Libya lays up oil tankers, Gaddafi feels trade heat


Many oil tankers in Libya’s state-owned fleet remain anchored and unable to trade as cash flow issues continue to bite, a company managing some of their vessels said yesterday.

Crude oil shipments from Libya, once Africa’s third largest producer, have been at a virtual standstill for months as leader Muammar Gaddafi has faced international pressure and sanctions while he fights to hold power during a bloody uprising.

While Libya’s state-owned shipping firm General National Maritime Transport Company (GNMTC) is not targeted by sanctions, the tanker group is believed to be controlled by Gaddafi’s son Hannibal, who is on a blacklist of individuals subject to travel bans and asset freezes.
“GNMTC is not on the list of designated individuals and entities; however Hannibal Gaddafi is, of course, on the list,” said Laura Hamilton, an associate at law firm Norton Rose.
“The asset freeze not only applies to assets owned by the entities and individuals listed but also to assets held or controlled by them, hence the need for careful due diligence.”

GNTMC has 18 vessels in its international trading fleet, seven of which are managed by the company and a further three by outside ship managers. The remaining eight are run by ship management firm V.Ships, a V.Ships spokesman said.

The spokesman said the eight tankers it managed were currently laid-up off Malta and Singapore.
“It’s the whole political situation — you can’t get any money in or any money out in terms of working with Tripoli,” the spokesman said.
“If there is no money flow, you can’t trade, you can’t pay for the bunkers, you can’t pay for the crews, you can’t pay for the ships and the ship owner can’t get paid by the charterer. If no one can get paid, you have to stop the ship.”

The spokesman said GNMTC was not able to pay the costs of keeping the tankers anchored, which was being borne by V.Ships, one of the world’s biggest ship management companies.
“They (V.Ships) are doing the right thing,” he said. “Owners and managers have to man laid up vessels anchored outside ports or in the inner anchorages under the International Safety Management code of practice. Only a skeleton crew is required however.”

The spokesman said the tankers GNMTC managed were presumed to be “anchored somewhere else”.

Tripoli-based GNMTC could not immediately be reached for comment.

Rebel fighters advanced towards Tripoli from the east on Wednesday in the biggest push in weeks. The advances came as reports proliferated that Gaddafi — under pressure from a five-month uprising against his rule, sanctions and a NATO bombing campaign — was seeking a deal under which he would step down.
“They (sanctions) are having an effect and, in general, they have limited the opportunities for shipping companies to call at ports because the restrictions affect their ability to trade.

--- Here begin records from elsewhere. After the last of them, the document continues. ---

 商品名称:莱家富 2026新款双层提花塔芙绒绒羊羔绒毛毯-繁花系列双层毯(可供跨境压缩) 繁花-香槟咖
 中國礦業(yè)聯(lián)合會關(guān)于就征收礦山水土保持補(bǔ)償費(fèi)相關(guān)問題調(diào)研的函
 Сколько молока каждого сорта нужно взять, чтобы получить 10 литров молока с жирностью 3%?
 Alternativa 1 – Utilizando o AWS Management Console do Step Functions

There is a hot war going on too which will further discourage activity,” said Philip Roche, a partner at Norton Rose.
“Without a doubt, ship owners will have to think very long and hard and sit down with insurers before trading in Libya.”

Libya produced 1.6 million barrels of oil per day before the war, or almost 2 percent of world output.

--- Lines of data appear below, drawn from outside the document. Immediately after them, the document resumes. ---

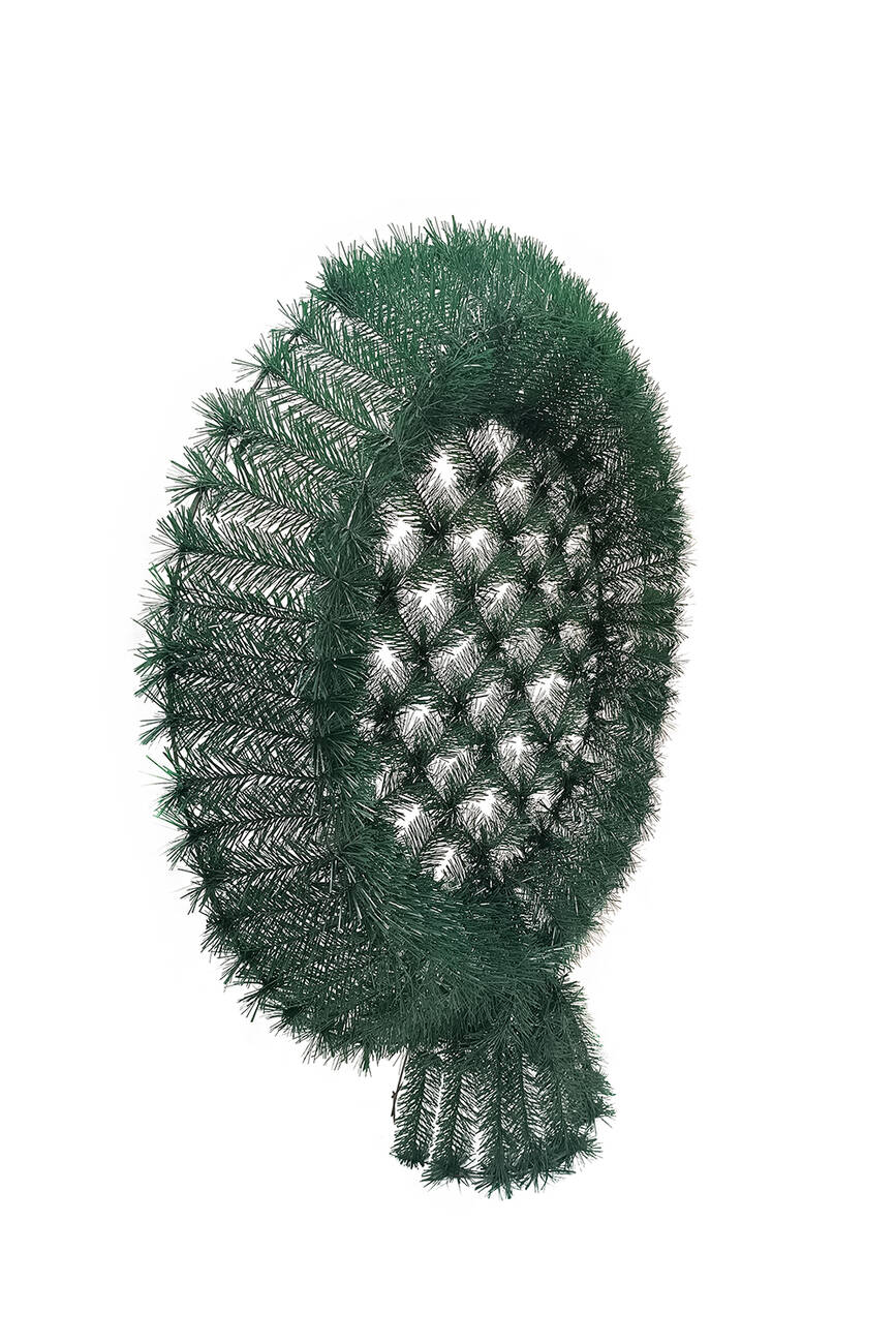 Вінок зі штучної хвої у формі кола зашитого по середині сіткою,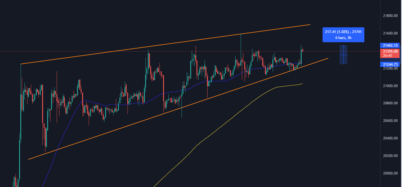 BTC sa v čase písania tohto článku pohyboval na úrovni 21 419 dolárov, po tom čo reagoval na ekonomické údaje z USA. Konkrétne boli zverejnené výsledky o indexe cien výrobcov, ktorý je významný pre celkový stav inflácie a taktiež report o maloobchodných tržbách v USA. Bitcoin okamžite po zverejnení reagoval nárastom o viac ako 1 % a to len v priebehu niekoľkých minút.
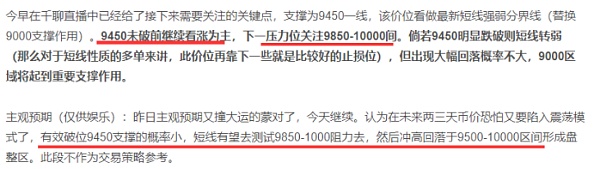 目前的客观走势及应对策略:简单回顾一下,在周五的千聊直播和晚评中我们的分析结论都指向价格延续升势的概率更大一些,短期关键支撑-9450有效破位的概率小,从实际走势看还是相符的。币价在9450附近出现过两次虚假下破,不过最终都很快拉升回来,说明我们这次的关键位又找对了。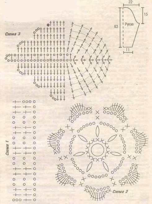 Рукав: наберите косичку из в. п. длиной 22 см. Вяжите полотно рукава филейной сеткой, равномерно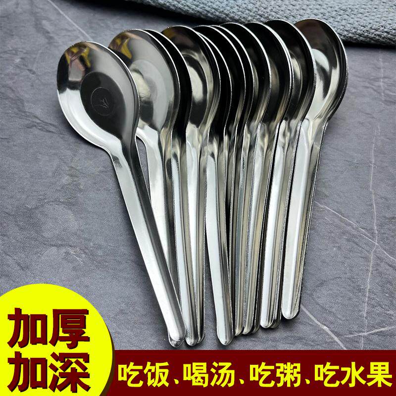 📚 不锈钢勺子家用平底汤匙儿童调羹加厚老式大号喝汤勺成人长柄铁勺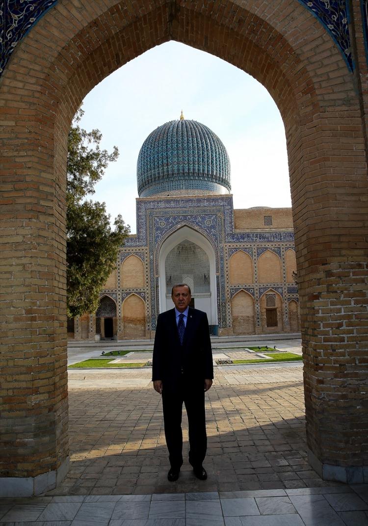 Cumhurbaşkanı Erdoğan, Registan Meydanı’nı ziyaret etmek için türbeden ayrıldı.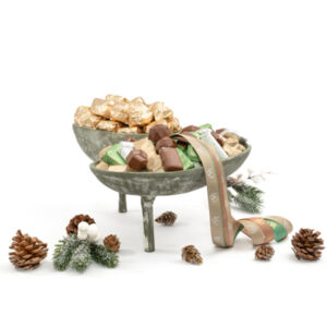 Coupe ronde sur pieds en métal coloré garnie de chocolat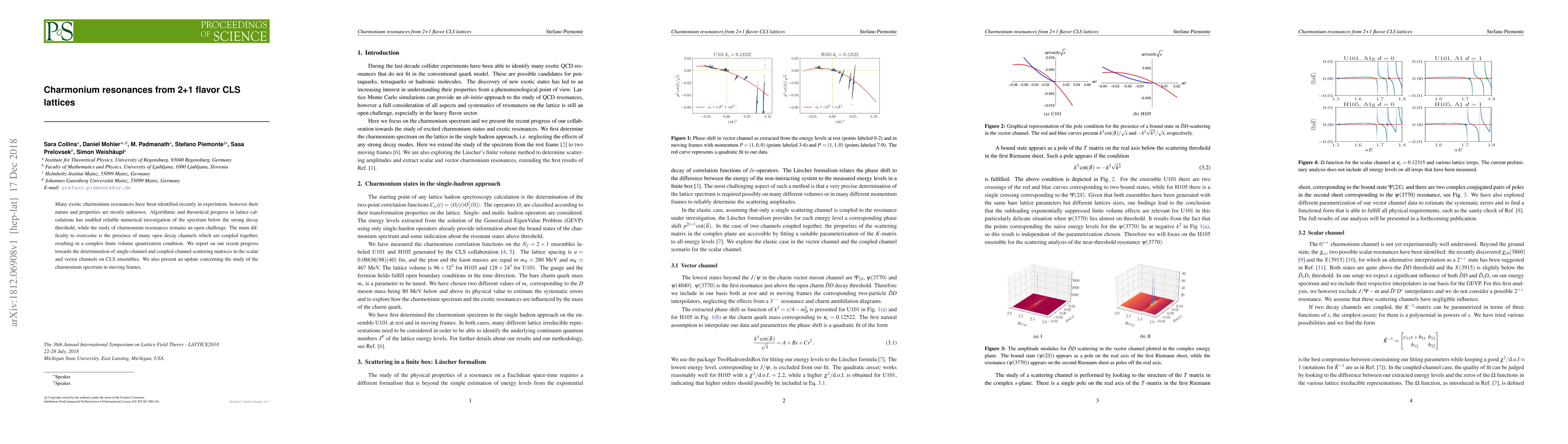 Many exotic charmonium resonances have been identified recently in experiment, however their nature and properties are mostly unknown. Algorithmic and theoretical progress in lattice calculations has enabled reliable numerical investigation of the spectrum below the strong decay threshold, while the study of charmonium resonances remains an open challenge. The main difficulty to overcome is the presence of many open decay channels which are coupled together, resulting in a complex finite volume quantization condition. We report on our recent progress towards the determination of single-channel and coupled-channel scattering matrices in the scalar and vector channels on CLS ensembles. We also present an update concerning the study of the charmonium spectrum in moving frames.

Last month the European Union added six Libyan ports to the list of assets frozen as part of sanctions on Gaddafi’s government. The ports targeted are Tripoli, Al-Khoms, Zuara and the key oil terminals of Brega, Ras Lanuf and Zawiyah.

Maritime lawyers say the new EU regulations mean it will not be possible to arrange for the payment of port fees through a third party to avoid sanctions on the targeted port authorities.
“To date, the sanctions have focused on people rather than trade sectors. However, the most recent amendments provide for a distinction between contracts related to oil, gas and refined products and other contracts,” said Norton Rose’s Hamilton.
“It appears that the intention behind the new provisions is to starve those ports controlled by the present Libyan government of any funds brought in through international trade.”

In the meantime, the country’s vital seaborne activity continues to remain paralysed.
“Calling at a Gaddafi controlled Libyan port involves the risk of getting caught up in the fighting, and collateral damage as a consequence of NATO bombings is a possibility, although NATO bombings are normally very precise,” said Jakob Larsen, maritime security officer with BIMCO, the world’s largest private shipowners’ association.

Larsen said Gaddafi’s forces posed a threat to merchant shipping, especially if their situation became more desperate.
“Possible scenarios could include taking a crew hostage, use of crew as a bomb shield, or even hijacking ships and using them as tools of destruction against NATO warships, or for example, rebel controlled oil installations,” he said.